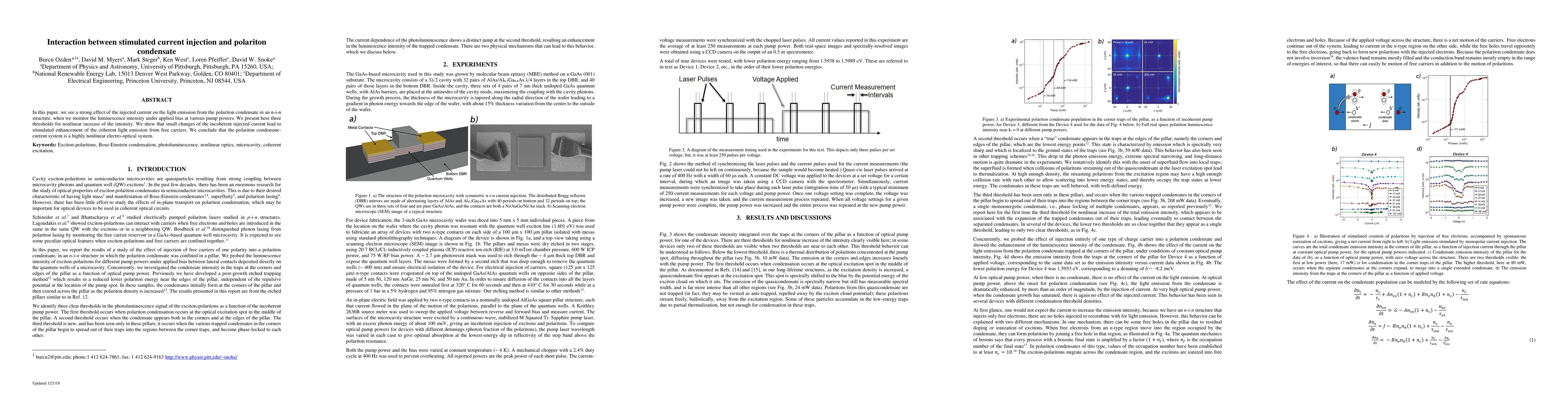 This paper investigates the interaction between stimulated current injection and a polariton condensate, revealing significant effects on light emission in an n-i-n structure. It identifies three thresholds for nonlinear intensity increase and demonstrates that small changes in injected current enhance coherent light emission, indicating a highly nonlinear electro-optical system.
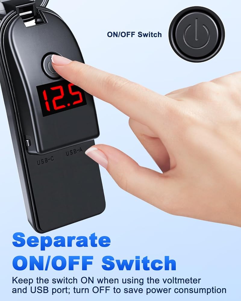 شاحن هاتف للدراجات النارية EXTRACTME، 36 وات مزدوج USB من النوع C PD 3.0 وQC 3.0 شاحن USB للدراجات النارية مع الفولتميتر ومفتاح التشغيل/الإيقاف، شحن سريع مقاوم للماء SAE إلى USB للهاتف والكمبيوتر اللوحي ونظام تحديد المواقع وما إلى ذلك
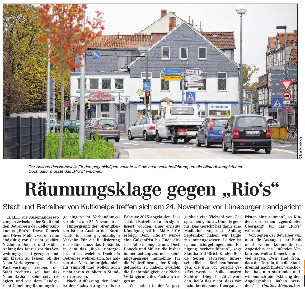 20161101 CZ Räumungsklage gegen Rio's / Stadt und Betreiber von Kultkneipe treffen sich am 24. November vor Lüneburger Landgericht
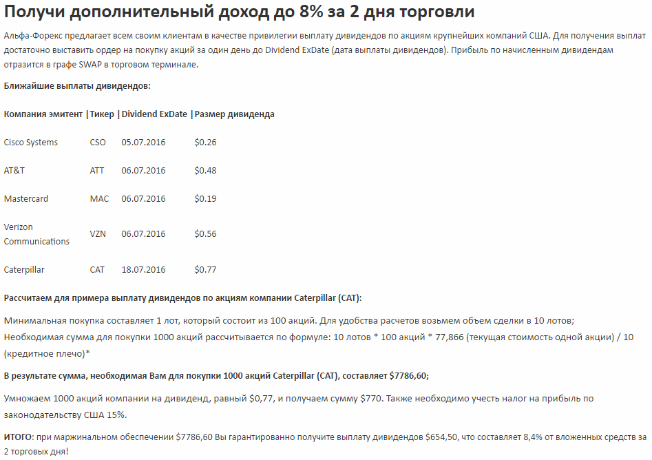 Из описания можно подумать, что котировки акций после выплаты дивидендов не изменяются — ведь прибыль инвестора складывается как из дивидендов, так и из текущего курса акций. А курс акций после выплаты дивидендов, увы, идет вниз — и в среднем как раз на величину дивидендов. Происходит это потому, что после того как компания публикует их величину и время выплаты, дивиденды закладываются в цену акции (в ожидания инвесторов). Вот скрин из терминала Альфа-форекс:
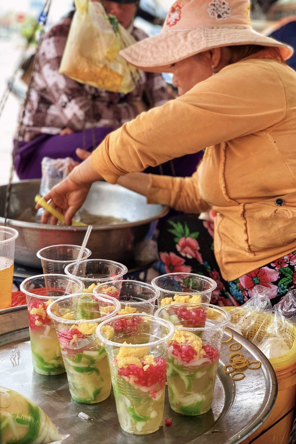 Bà chủ rất dễ thương, mời chúng tớ ăn thử gần hết cái sạp rồi còn bảo chụp đi con để bà trộn lên cho đẹp rồi chụp quảng cáo cho bà...
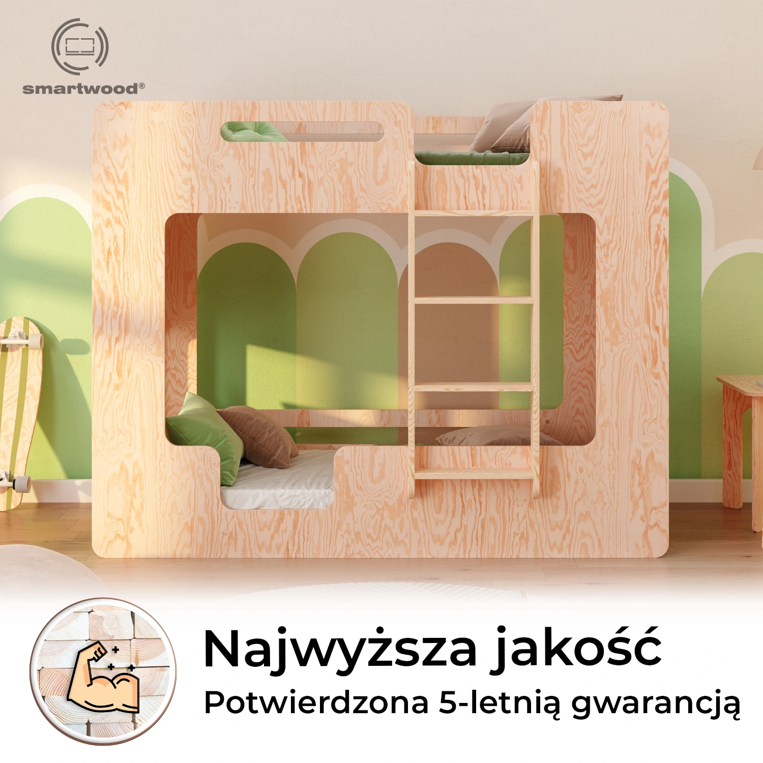 Łóżko piętrowe MIMI B to wyjątkowe rozwiązanie dla dzieci, łączące bezpieczeństwo z niepowtarzalnym designem. Okna po bokach nadają łóżku przytulnego klimatu i tworzą przestrzeń do kreatywnej zabawy, inspirując dzieci do kreowania własnych opowieści. Dostępne w 11 kolorach i 12 rozmiarach, dzięki czemu umożliwia dopasowanie do indywidualnych potrzeb. Wykonane z wysokiej jakości sklejki sosnowej, posiada solidną konstrukcję z barierkami na obu poziomach oraz zaokrąglonymi krawędziami dla pełnego bezpieczeństwa. Model ten został również doceniony przez niemiecki Instytut Prüfengel i otrzymał prestiżowy certyfikat jakości. Dołączone w zestawie stelaże, o max. obciążeniu do 230 kg, umożliwiają natychmiastowe korzystanie z łóżka po montażu.
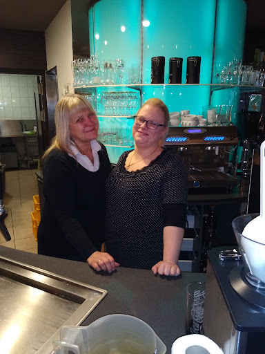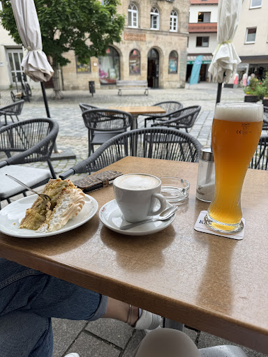 Ich bestelle CoffeeToGo. Aber die weigern sich, unsere Recup Becher aufzufüllen, möchten uns Ihre eigenen Becher verkaufen...Soso, ich denke mir meinen Teil. Wir entscheiden uns dann dazu, den Kaffee eben vor Ort trinken. Ich bestelle zwei Kaffee Latte. Macht zusammen 11 Euro mit Trinkgeld. So viel habe ich noch nie für zwei Latte bezahlt. Aber man sitzt schön und die Bedienung ist echt nett. Und der Kaffee schmeckt auch lecker 😋. Doch es geht leider noch weiter: auf dem Herrenklo war die Lampe defekt. Man musste sich in stockfinsterer Dunkelheit zur Kloschüssel tasten (). Nach dem Geschäft, oh Schreck: meine Tastversuche fanden keine Klopapierrolle. Also irgendwie zur Türe, und die einen Spaltbreit geöffnet, dass ein bisschen Licht reinkommt: tatsächlich es gibt gar keinen Klopapierabroller, nur Dübellöcher in der Wand🙈. Aber ich fand eine Ersatzrolle hinter der Kloschüssel ganz oben auf dem dreckigen Fenstersims.... Bei den Herren war außerdem eines der drei Pissoires mit Packband zugeklebt, bei den Damen war eine der lediglich zwei Toiletten defekt, außer Betrieb. Alles in allem: außen hui, Toiletten ....,...
===============
• **What to work on**: Give again, word for word, only the lines that run from the top of the data above through the line with "20161101 CZ Räumungsklage". Drop the pictures.

• **Answer box**:
 This paper investigates the interaction between stimulated current injection and a polariton condensate, revealing significant effects on light emission in an n-i-n structure. It identifies three thresholds for nonlinear intensity increase and demonstrates that small changes in injected current enhance coherent light emission, indicating a highly nonlinear electro-optical system.
 شاحن هاتف للدراجات النارية EXTRACTME، 36 وات مزدوج USB من النوع C PD 3.0 وQC 3.0 شاحن USB للدراجات النارية مع الفولتميتر ومفتاح التشغيل/الإيقاف، شحن سريع مقاوم للماء SAE إلى USB للهاتف والكمبيوتر اللوحي ونظام تحديد المواقع وما إلى ذلك
 20161101 CZ Räumungsklage gegen Rio's / Stadt und Betreiber von Kultkneipe treffen sich am 24. November vor Lüneburger Landgericht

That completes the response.